To produce a physical address, you first look up the page in the PMT to find the frame number in which it is stored. You then multiply the frame number by the frame size and add the offset to get the physical address. For example, given the situation shown in FIGURE 10.8 , if process 1 is active, a logical address of <1, 222> would be processed as follows: Page 1 of process 1 is in frame 12; therefore, the corresponding physical address is 12 * 1024 + 222, or 12510. Note that there are two ways in which a logical address could be invalid: The page number could be out of bounds for that process, or the offset could be larger than the size of a frame.

The advantage of paging is that a process no longer needs to be stored contiguously in memory. The ability to divide a process into pieces changes the challenge of loading a process from finding one large chunk of space to finding many small chunks.

An important extension to the idea of paged memory management is the idea of demand paging, which takes advantage of the fact that not all parts of a program actually have to be in memory at the same time. At any given point in time, the CPU is accessing one page of a process. At that point, it doesn’t really matter whether the other pages of that process are even in memory.

In demand paging, the pages are brought into memory on demand. That is, when a page is referenced, we first see whether it is in memory already and, if it is, complete the access. If it is not already in memory, the page is brought in from secondary memory into an available frame, and then the access is completed. The act of bringing in a page from secondary memory, which often causes another page to be written back to secondary memory, is called a page swap.

The demand paging approach gives rise to the idea of virtual memory, the illusion that there are no restrictions on the size of a program (because the entire program is not necessarily in memory at the same time). In all of the memory management techniques we examined earlier, the entire process had to be brought into memory as a continuous whole. We therefore always had an upper bound on process size. Demand paging removes that restriction.

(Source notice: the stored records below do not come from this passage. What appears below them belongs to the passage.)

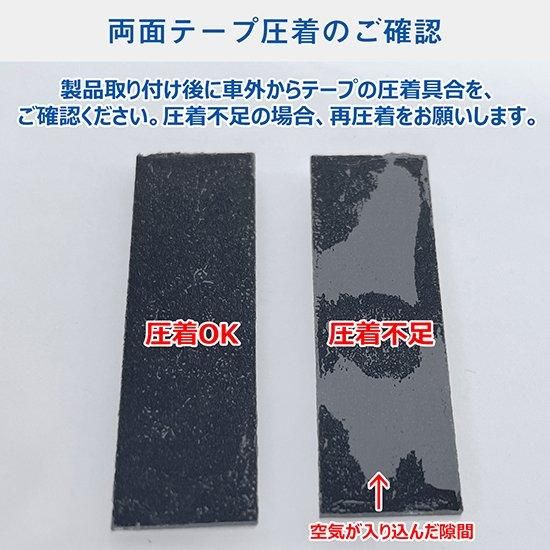 | 取付方法 | 1.両面テープを貼らずに取付位置を確認してください。 2.ガラスクリーナー等でウィンドウパネルの取り付け面、ウィンドウパネル本体の汚れを取り除いてください。 3.ウィンドウパネル本体に両面テープを貼り付け、剥離紙の上から指で強く押して圧着させてください。 4.剥離紙を剥がし、車体に貼り付け圧着させてください。 圧着が不十分ですと走行中に脱落の恐れがあります。 貼り付け直後は接着力が弱く、十分な接着力が発揮されるまで24時間程度かかります。 詳しくは取付説明書をご確認ください。 |
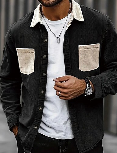 Per uomo Camicia di Velluto a Coste Testurizzato Casuale Affari Bavero Classico Manica Lunga Vintage Moda Blocco di colori Tasca Caldo Autunno Inverno Autunno & Inverno Vestibilità regolare Nero
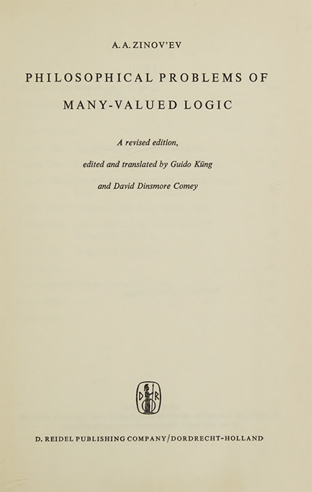 | Publication date | 1963 | This work, written by a young Russian logician at the Institute of philosophy in Moscow, fills a long-empty gap in our literature about many-valued logics. The only previous monograph on many-valued logic in English is primarily mathematical and technical, and only in its introduction does it treat the philosophical problems raised by many-valued logic. In the present work, the author takes up such questions as the ‘unity’ and ‘diversity’ of logic as a whole, the empirical relationship of logic to its object domains, and the relationship between ordinary thinking on the one hand and two-valued and many-valued logics on the other. He also treats briefly the relationship between many-valued logic and the criticisms raised by dialectical logic against traditional formal logic, a section which despite its brevity will be useful to those who are interested in Soviet philosophy. |

However, virtual memory comes with lots of overhead during the execution of a program. With other memory management techniques, once a program was loaded into memory, it was all there and ready to go. With the virtual memory approach, we constantly have to swap pages between main and secondary memory. This overhead is usually acceptable— while one program is waiting for a page to be swapped, another process can take control of the CPU and make progress. Excessive page swapping is called thrashing and can seriously degrade system performance.